China’s economic growth has slowed to a quarter-century low of 7.4 percent. You wouldn’t know it, though, looking at the gigantic rounds that China-based Internet companies are raising.
Just this week, Apus Group, a six-month-old, Beijing-based Android app development firm, raised a whopping $100 million; Beibei.com, a nine-month-old, mother and baby-focused e-commerce site in Hangzhou, raised $100 million; and Meituan, a four-year-old group discount platform that’s headquartered in Beijing, pulled in $700 million. There was also that little announcement by the Chinese government late last week about the venture capital fund it’s establishing with $6.5 billion to support start-ups in emerging industries.
The word “bubble” invariably comes to mind. But there’s something far different going on, insist those bullish about Chinese tech companies.
Take Glenn Solomon, a managing director at the cross-border investment firm GGV Capital and a frequent visitor to China. Though he acknowledges that “China’s economic growth will inevitably slow as the law of large numbers takes effect,” he says two very different economies in China — old and new — explain the seeming disconnect between that slowing growth and all the money sloshing into tech startups.
In China’s retail industry, for example, overexpansion has hurt large, established brick-and mortar-retailers who are seeing flat or slowing growth and retrenching. Meanwhile, Alibaba and other new e-commerce players are growing extremely rapidly, says Solomon, noting that “on the ground [in China], there are delivery trucks lining the streets.”
That divergence is “pronounced and growing” across other industries, too, says Solomon. “Companies in the Xiaomi ecosystem focused on home automation are rapidly going direct to consumer, while traditional players in this area are seeing a slowdown.”
Travel, mobile commerce, and companies whose apps aim to improve their users’ offline experience — among them the GGV-backed Tujia.com, a site similar to Airbnb that raised $100 million last June, and Didi Dache, a taxi app that closed on $700 million in December — are also trouncing weaker, traditional offline players, he says.
Yet there are other reasons to rationalize those big investment rounds, suggests Michael Feldman, an independent consultant based in Hong Kong who advises on cross-border technology investments from China to Israel.

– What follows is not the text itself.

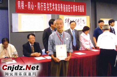 近日,河北省邯鄲市峰峰礦區(qū)陶瓷大師閆保山攜女兒閆英(陶瓷一級藝術(shù)家)應(yīng)邀參加了由中國文化名家協(xié)會(huì)、中國國際友好交流促進(jìn)會(huì)、中國海峽兩岸文化經(jīng)濟(jì)促進(jìn)會(huì)共同舉辦的“同根、同心、同行”百名藝術(shù)家慶香港回歸十周年書畫展,該展會(huì)在香港上環(huán)文藝中心召開,全國各省(市)百名書畫家及諸多書畫有業(yè)績者蒞臨大會(huì)。會(huì)上,閆保山和女兒閆英被授予“中港文化使者”榮譽(yù)稱號。所展作品會(huì)上經(jīng)權(quán)威專家認(rèn)真篩選評審,閆大師書畫作品《磁州窯圖案》獲金獎(jiǎng),為省、市爭得了榮譽(yù)。

Feldman notes that unlike, say, Facebook, which only recently began reaching into new businesses, the “tentacles” of China Internet giants like Tencent Holdings and Alibaba stretch into everything from car service apps to their own mobile payment services, including Tencent’s Tenpay, and Alibaba’s Alipay.
That growing reach is a scary prospect to startups and would-be entrepreneurs. “In almost anything you do online, you could potentially be competing with them,” notes Feldman. But in their race to compete with one another, such behemoths have also grown more acquisitive than they used to be — creating once-scant M&A opportunities. “It used to be that they’d either copy your product or pay a team to join their company, then they’d destroy the competing company,” explains Feldman. “Now that they’re kind of globalizing, they’re beginning to behave differently.”
China is also seeing its first generation of battle-tested tech entrepreneurs launch companies, which is emboldening investors to back them with big checks, notes Feldman. “Everyone knows the PayPal Mafia and Google Mafia and Facebook Mafia. China now has its own mafias,” including those to spin out of Alibaba, Tencent, Baidu and Xiaomi, among others.
If that development is leading to some froth, Feldman, like Solomon, doesn’t seem terribly concerned. As in the U.S. and elsewhere, he suggests, China’s tech economy isn’t as closely tethered to the country’s broader economy as one might imagine.
“Ultimately, it’s about the adoption of mobile,” Feldman says. “As in most of the world, it’s just totally changing society. At this point, the mobile revolution seems to be an unstoppable force.”